Based on this observation, Akyurek and Salem [2] have argued in favor of copying rather than shuffling [29,39] of data. Copying retains original sequential layouts so a choice of location based on the observed access pattern may be possible. Reverting back to the original layout is straightforward. Similarly, rather than permanently disturbing the sequential layout of files, BORG operates on copies of blocks placed temporarily in an independent BOPT partition, optimizing for the current common case of access for each data block.

3.2  BORG Architecture

Figure 2: BORG System Architecture.
Abstractly, BORG follows a four-stage process:
1. profiling application block I/O accesses,
2. analyzing I/O accesses to derive access patterns,
3. planning a modification to the data layout, and
4. executing the plan to reconfigure the data layout.
In addition, an I/O indirection mechanism runs continuously, re-directing requests to the partition that it optimizes as required. Figure 2 presents the architecture of BORG in relation to the storage stack within the operating system. The modification to the existing storage stack is in the form of a new layer, which we term BORG layer, that implements three major components: the I/O profiler, the BOPT reconfigurator and the I/O Indirector. A secondary throttle-friendly user-space component implements the analyzer and the planner stages of BORG and performs computation and memory-intensive tasks. While profiling and indirection are both continuous processes, the other stages run periodically and in succession culminating in a reconfiguration operation.
For the I/O profiler, we use a low-overhead kernel tool called blktrace [3]. The analyzer reads the I/O trace collected by the profiler and derives data access patterns.

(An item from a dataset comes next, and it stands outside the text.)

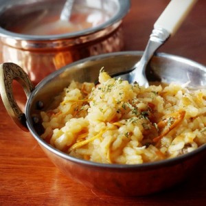 取平底锅少量橄榄油煸香蒜末,加入熬好的腊排骨汤 倒入一碗意大利米。不停搅拌。汤莫过米即可,搅拌过程中汤干后继续加入再搅拌直至米软为止,最后加一点点黄油提香而已。盐可以少量因为腊排骨汤本身有盐味儿。
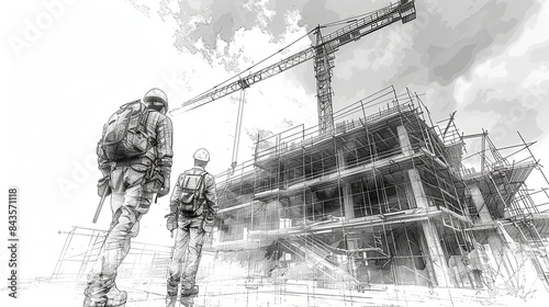 © Pattarin, Obraz premium The drawing shows construction and there are construction workers and engineers in the area at the construction site illustration vector

Subsequently, the planner uses these data access patterns and generates a new reconfiguration plan for the BOPT partition, which it communicates to the BOPT reconfigurator component. The user-space analyzer and planner components run as a low-priority process, utilizing only otherwise free system resources. Under heavy system load, the only impact to BORG is that generating the new reconfiguration plan would be delayed.
The BOPT reconfigurator is responsible for the periodic reconfiguration of the BOPT partition, per the layout plan specified by the planner. The reconfigurator issues low-priority disk I/Os to accomplish its task, minimizing the interference to foreground disk accesses. Finally, the I/O indirector continuously directs I/O requests either to the FS partition or the BOPT partition, based on the specifics of the request and the contents of the BOPT.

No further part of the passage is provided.